68-year-old Liu Fanrong makes a hedgehog. (Ju Chuanjianig/For China Daily)
I was still a little boy when I left my hometown in Wendeng, a city on the Jiaodong peninsula in Shandong province. Although I have eaten many steamed buns and breads during the past few decades, I can't forget my memories of eating bobo, a traditional food for festivals in Wendeng.
Bobo are wheat buns that are about four times or even six times larger than usual steamed buns. Skilled housewives can make bobo in shape of different animals and figures, and ornament them with red jujubes and colorful flowers, which look like pieces of exquisite handicrafts.
In Wendeng, people like to steam bobo for Spring Festival and other celebrations like weddings and birthdays.
With the pace of urbanization in China continuing to accelerate, the number of people who can make the bobo gradually reduced. Now, it has become a rare food for city people.
During this year's Tomb-Sweeping Day holiday, I went to my hometown to interview several inheritors of the technique of making bobo in my hometown, bring back memories of my childhood.
I went to the bobo shop of Lin Rongtao. He and his mother, Liu Fanrong, were busy with making a bobo for customers to celebrate an older member's birthday in the family. The peach-shaped bobo, on the top of which the Chinese characters "fu" (happiness) and "shou" (longevity), were inscribed was surrounded by a dozen small other bobo.
"This craft has been handed down from generation to generation," the 68-year-old Liu Fanrong told me.
Liu used scissors to make the dough into an animal. Shortly, a bobo looked like a hedgehog, with two small black beans become its eyes. Then Liu made other shapes -- rabbits and birds.
In ancient times, bobo was used in religious worship. It is still popular in the rural areas of Weihai, Qingdao. It is full of distinctive local characteristics.
In 2009, the craftsmanship of flower bobo in Wendeng, were included in the Shandong provincial government's intangible cultural heritage list.
Every year, Wendeng holds a competition to provide a chance for bobo makers to display their unique skills.
Liu Fanrong says: "Every household here will steam bobo during the Spring Festival to usher in good luck for the next year."
"Mothers will steam bobo in shape of children's zodiac signs to celebrate kids' birthdays. In this way, she hopes the children will be healthy and clever."
Lin Rongtao, 46,started to study the craft from his mother when he was 10 year old. In 2010, Lin was awarded "inheritor of Jiaodong flower dough modeling craft" by the Shandong culture department.
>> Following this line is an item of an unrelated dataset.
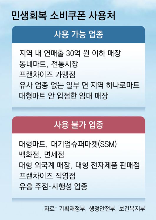 지역 민생경제 회복 취지에 맞춰 사용 지역은 주소지 관할 지방자치단체 내 매장으로 제한된다. 지역사랑상품권과 신용·체크카드 등으로 발급이 가능하며, 연 매출 30억 원 이하 소상공인 사업장에서 사용할 수 있다. 주요 사용처는 전통시장, 동네마트, 식당 등과 더불어 일부 프랜차이즈 가맹점으로 대형마트, 대기업슈퍼마켓(SSM), 백화점, 온라인 쇼핑몰에서는 이용이 불가능하다.
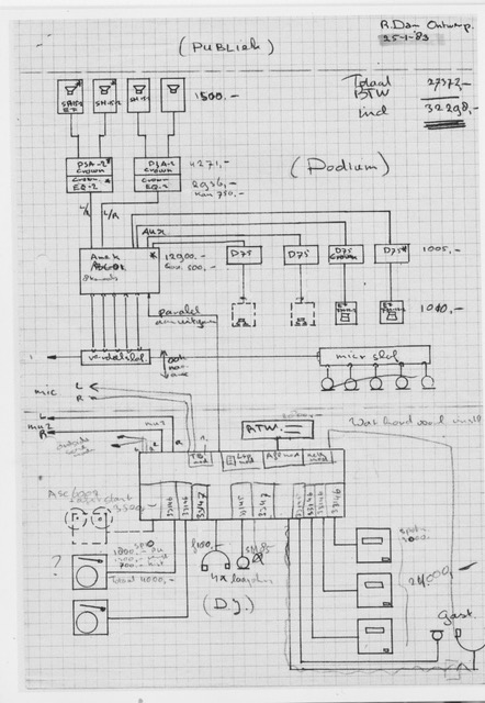 Foto 2: (© Beeld & Geluid) Een eerste schets van de eerste NOS / Eela dj-set uit januari ’83 van Rob Dam.

Sun Yishu, 40, opened a flower bobo shop in Wendeng in 2000. The shop is not very big, but it has a good reputation. Now, she has opened two such shops and sells more than 1,000 boxes of bobo during Spring Festival.
"My bobo is good-looking and delicious. Lots of South Korean people like it," Sun says excitedly. Many South Korean bosses who open factories here buy my flower bobo to take home."